Wednesday, January 16, 2008

American Idol

So, I've started my internship, still working at AT on the weekends, and I'm almost finished up with this online class at UMD. You can imagine that I'm, at the very least, extremely busy. B/C of this, I have had little time to myself :-( Anyway, I actually got to watch TV last night to take my mind off of all things relevant, and due to the writer's strike, it seems that the only things remaining on television are re-runs and reality shows. Of course I'm a bit of a reality junkie.

So last night, I watched American Idol. You know, it's just beginning and the auditions are really the best part of the show (especially since the past few seasons have royally sucked. Anyway, let me give you my top 3 faves from last night.

#1-Black Borat

This guy was absolutely hilarious. I have known many Egyptians over the years, and none have sounded like this guy. This guy sounded like a dude impersonating what he thought an Egyptian might sound like, thus creating a Borat-esque personality. My favorite line was when he said that this chick "made sexy face" at him hahaha Classic. He seemed sweet, but of course he sucked.

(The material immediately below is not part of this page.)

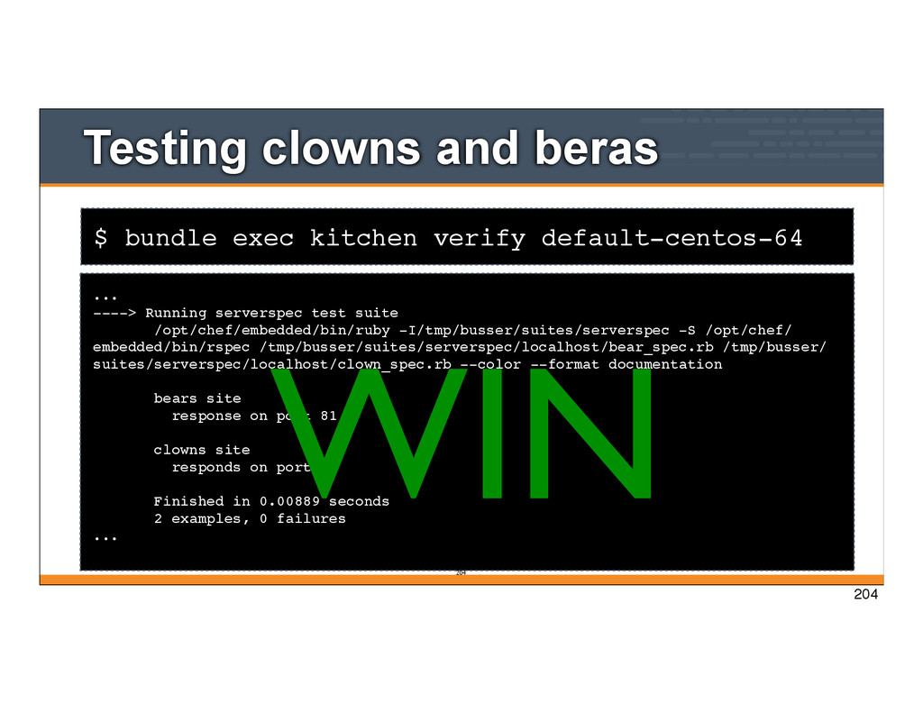 ... ----> Running serverspec test suite /opt/chef/embedded/bin/ruby -I/tmp/busser/suites/serverspec -S /opt/chef/ embedded/bin/rspec /tmp/busser/suites/serverspec/localhost/bear_spec.rb /tmp/busser/ suites/serverspec/localhost/clown_spec.rb --color --format documentation bears site response on port 81 clowns site responds on port 80 Finished in 0.00889 seconds 2 examples, 0 failures ... 204 WIN 204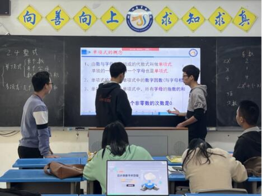 实习带队老师丁爱霞老师精心安排了本次公开汇报课——由实习队的陶鹏旭讲授七年级上册的《整式》,邀请了公司领导老师和以张频董事长为代表的多位经验丰富的江声实验公司老师前来检查和指导。

They never really show how weird the good singers are until later in the show...

#2-Slave Spiritual Reviver

I really think that this guy was "special." Therefore, I'm not going to laugh at his singing voice. I'm not going to laugh at the fact that, as his job, he gives tours around Philadelphia looking like Tracy Morgan's character on "30 Rock" when he was going to make a Thomas Jefferson film when he found out his was his ancestor. I'm not going to laugh at how the judges couldn't control his laughter. I'm not going to laugh at the fact that he was singing old Negro Sprirituals (such as "Let My People Go" and others). I'm also not going to laugh at the fact that he sang two of them. I guess that doesn't leave me with much to laugh at...

#3- Alexis, the Pothead

I have to say that this raving lunatic made a special impression on me, not because she "smelled like incense" (according to lame-o Ryan Seacrest), or that she gave Simon the finger and told him to kiss her [blank]; nay, it is for the simple fact that she actually wasn't a bad singer. She had a great rock voice, and a great first name, I must add. Her problem was that she needs serious counseling. The poor thing is in some hippie comm college, I'm sure, studying to be a vet, living in a studio apt with her mom and her 5 pets. She was smothered in glitter, and Simon said she looked like Willem Dafoe. I felt bad for her, because she had a great rock voice, like I said, but I know the judges just thought she was a freak. Oh well.

Least favorite from last night? The self-deprecating "Star Wars" chick who genuinely STUNK UP the tv screen. She was horrible. No other word to describe it.

Did anyone else watch it last night?